:: Dataset content ::
BEGIN
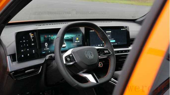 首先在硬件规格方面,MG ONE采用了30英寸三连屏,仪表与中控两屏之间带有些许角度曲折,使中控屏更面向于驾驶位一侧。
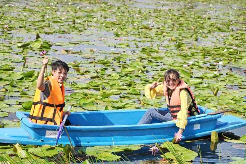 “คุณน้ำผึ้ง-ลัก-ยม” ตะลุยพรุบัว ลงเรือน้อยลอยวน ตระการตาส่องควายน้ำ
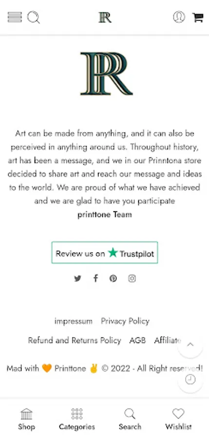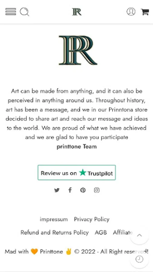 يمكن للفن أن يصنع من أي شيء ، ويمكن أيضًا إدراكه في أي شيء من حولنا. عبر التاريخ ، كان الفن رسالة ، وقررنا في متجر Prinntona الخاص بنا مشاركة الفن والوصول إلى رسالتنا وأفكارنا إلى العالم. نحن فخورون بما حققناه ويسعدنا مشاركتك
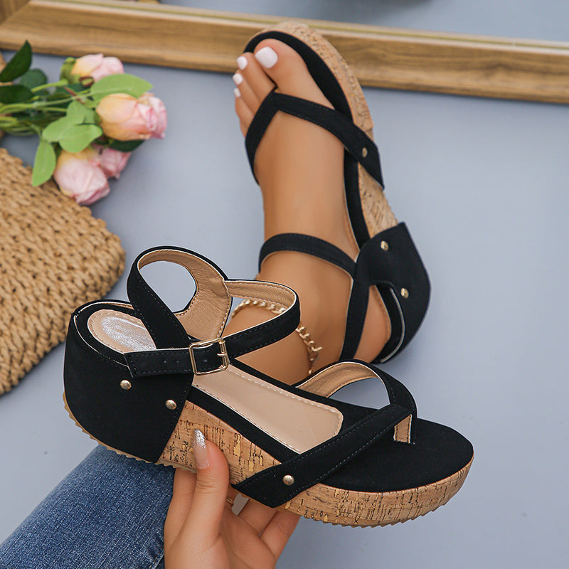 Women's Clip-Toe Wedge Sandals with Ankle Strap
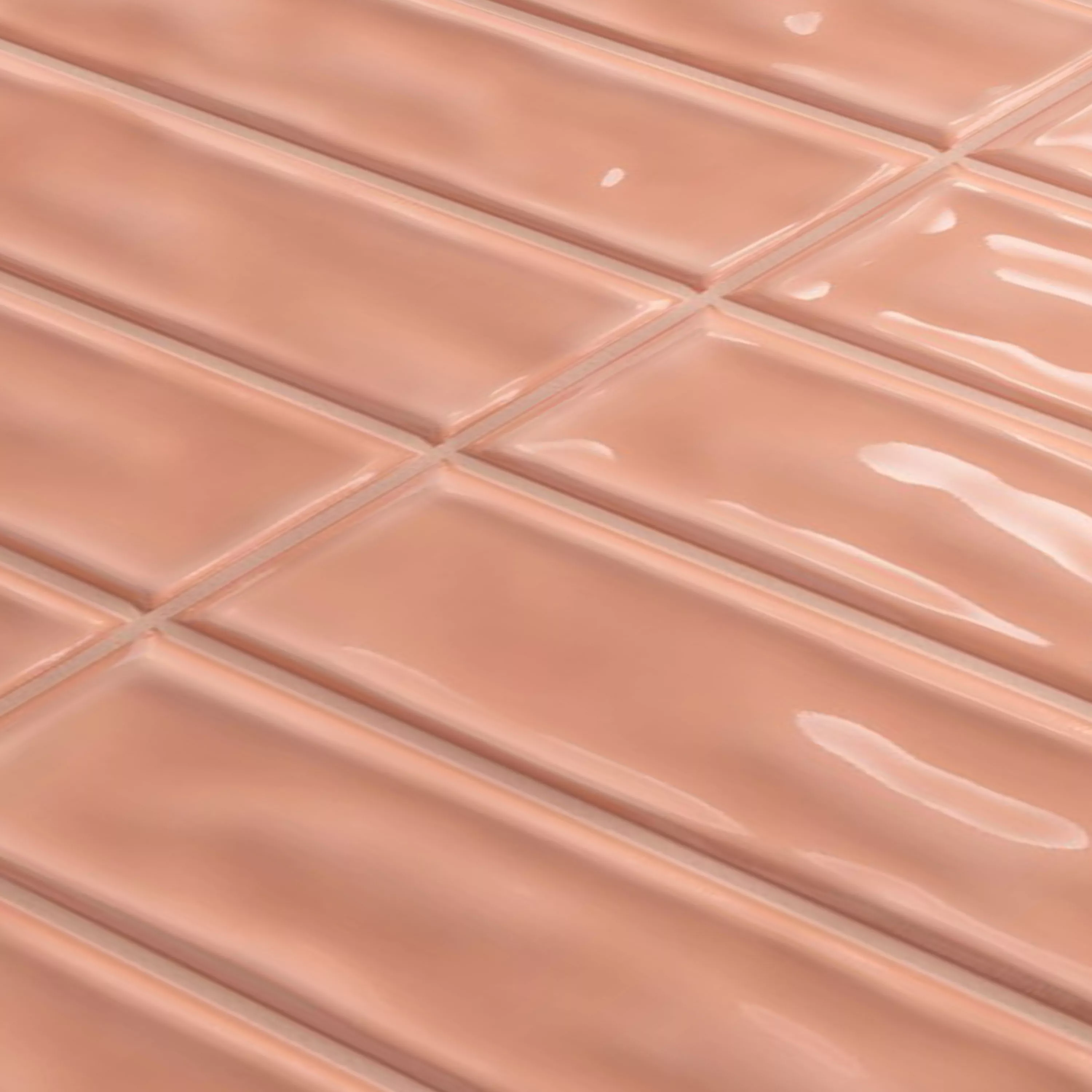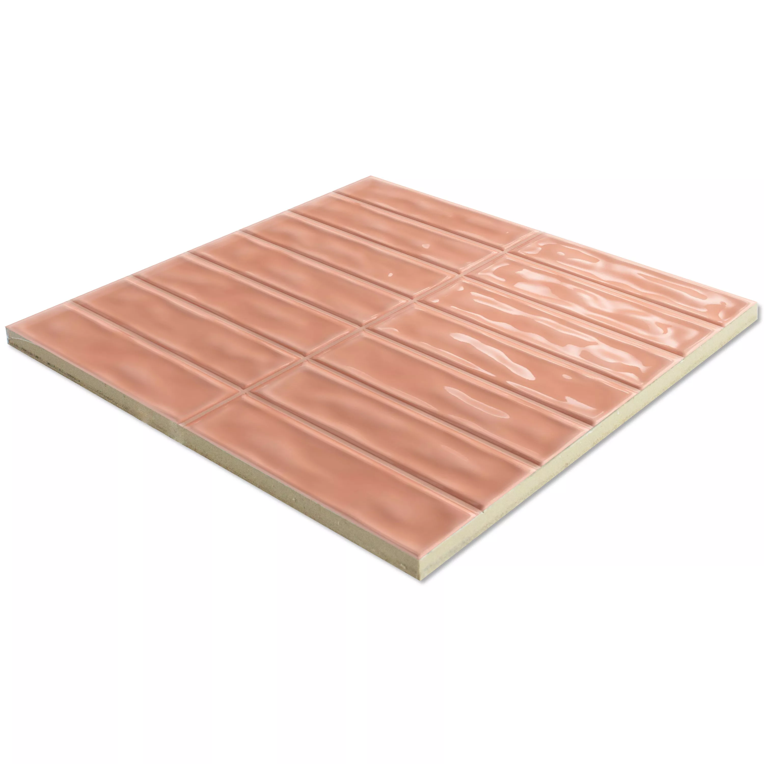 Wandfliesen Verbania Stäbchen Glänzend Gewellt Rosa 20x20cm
END
BEGIN
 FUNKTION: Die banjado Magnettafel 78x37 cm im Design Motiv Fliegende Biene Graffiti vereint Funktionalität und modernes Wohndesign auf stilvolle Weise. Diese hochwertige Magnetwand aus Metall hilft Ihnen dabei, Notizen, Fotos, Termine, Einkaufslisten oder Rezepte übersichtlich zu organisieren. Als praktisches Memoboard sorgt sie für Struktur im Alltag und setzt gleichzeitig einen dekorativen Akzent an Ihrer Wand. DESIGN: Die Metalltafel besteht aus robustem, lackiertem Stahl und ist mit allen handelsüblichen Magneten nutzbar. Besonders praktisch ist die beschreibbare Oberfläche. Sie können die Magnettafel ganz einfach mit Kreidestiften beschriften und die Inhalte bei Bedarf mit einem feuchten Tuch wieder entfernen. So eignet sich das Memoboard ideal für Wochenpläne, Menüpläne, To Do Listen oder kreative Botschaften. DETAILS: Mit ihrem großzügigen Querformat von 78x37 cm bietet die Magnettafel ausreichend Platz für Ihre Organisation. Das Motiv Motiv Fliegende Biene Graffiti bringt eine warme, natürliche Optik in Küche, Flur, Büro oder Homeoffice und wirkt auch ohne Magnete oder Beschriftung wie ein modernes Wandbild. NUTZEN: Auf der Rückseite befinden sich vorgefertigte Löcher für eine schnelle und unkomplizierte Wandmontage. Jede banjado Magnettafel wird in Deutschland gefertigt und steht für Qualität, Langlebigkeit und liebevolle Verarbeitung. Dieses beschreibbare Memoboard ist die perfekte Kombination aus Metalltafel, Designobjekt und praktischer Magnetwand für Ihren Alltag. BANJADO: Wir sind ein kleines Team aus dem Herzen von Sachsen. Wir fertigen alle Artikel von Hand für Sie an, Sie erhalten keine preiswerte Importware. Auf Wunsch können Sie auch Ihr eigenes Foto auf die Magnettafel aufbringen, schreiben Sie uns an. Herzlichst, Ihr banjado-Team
END
Only the lines of the listing above from the one with "يمكن للفن أن" through the one with "Wandfliesen Verbania Stäbchen" should be output, exactly, with both ends kept and pictures left out.

 يمكن للفن أن يصنع من أي شيء ، ويمكن أيضًا إدراكه في أي شيء من حولنا. عبر التاريخ ، كان الفن رسالة ، وقررنا في متجر Prinntona الخاص بنا مشاركة الفن والوصول إلى رسالتنا وأفكارنا إلى العالم. نحن فخورون بما حققناه ويسعدنا مشاركتك
 Women's Clip-Toe Wedge Sandals with Ankle Strap
 Wandfliesen Verbania Stäbchen Glänzend Gewellt Rosa 20x20cm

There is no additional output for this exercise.